In the experiment, the accuracy of ITM will be verified.
A livedoor corpus was used for the data set. http://bookmarks2022.blogspot.jp/2015/06/livedoor.html
ITM code here https://github.com/kenchin110100/machine_learning/blob/master/sampleITM.py
Fixed number of topics $ K = 10 $, $ \ alpha = 0.1 $, $ \ beta = 0.01 $, $ \ eta = 100 $
First, 50 iterations without restrictions (that is, the same as a normal LDA)
The table below shows the top words that appear in each topic.
Topic 1 | Topic 2 | Topic 3 | Topic 4 | Topic 5 |
---|---|---|---|---|
function | App | Female | the work | Japan |
Release | powered by | golf | movies | update |
update | screen | myself | 153 | Relation |
article | smartphone | male | 181 | world |
Use | Presentation | marriage | directed by | Popular |
Digi | Correspondence | Many | Release | movies |
Relation | Max Co., Ltd. | Opponent | 3 | http:// |
smartphone | Android | jobs | 96 | myself |
software | display | Christmas | 13 | topic |
user | year 2012 | Girls | Book | Wow |
You can see some topics with this alone.
Next, constrain the blue words in the table so that they are on the same topic.

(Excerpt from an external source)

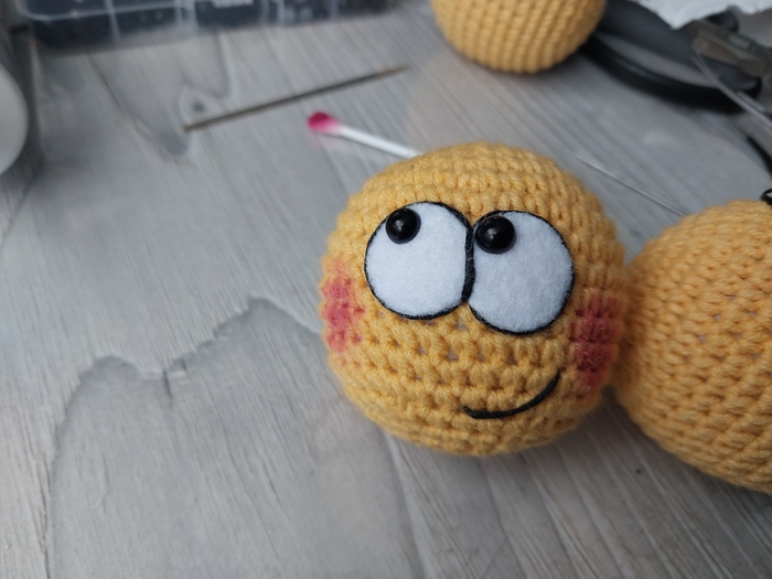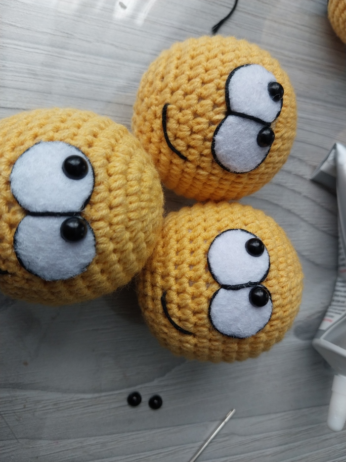Размер каждого смайла 4-5 см. Пряжа акрил+хлопок, наполнитель синтепух. Крупные детали (глаза, рты) из фетра.

Turn another 50 iterations.
Topic 1 | Topic 2 | Topic 3 | Topic 4 | Topic 5 |
---|---|---|---|---|
Release | App | Female | 153 | movies |
Use | powered by | myself | 181 | Japan |
function | smartphone | golf | 3 | the work |
update | Presentation | male | 96 | Release |
article | Correspondence | marriage | 13 | world |
service | Ma | Many | 552 | directed by |
Relation | Max Co., Ltd. | Opponent | 144 | Relation |
Digi | Android | jobs | 310 | Special feature |
software | display | Christmas | 98 | http:// |
information | year 2012 | Good | Hero | Wow |
Words in blue with restrictions appear in common in Topic 5.
The Interactive Topic Model (ITM) constrained words to estimate the topic distribution.
At first glance, the content I posted looks good, but in reality, it is the result of many trials and errors ...
ITM also has a journal, so if you implement that content, it may be more accurate.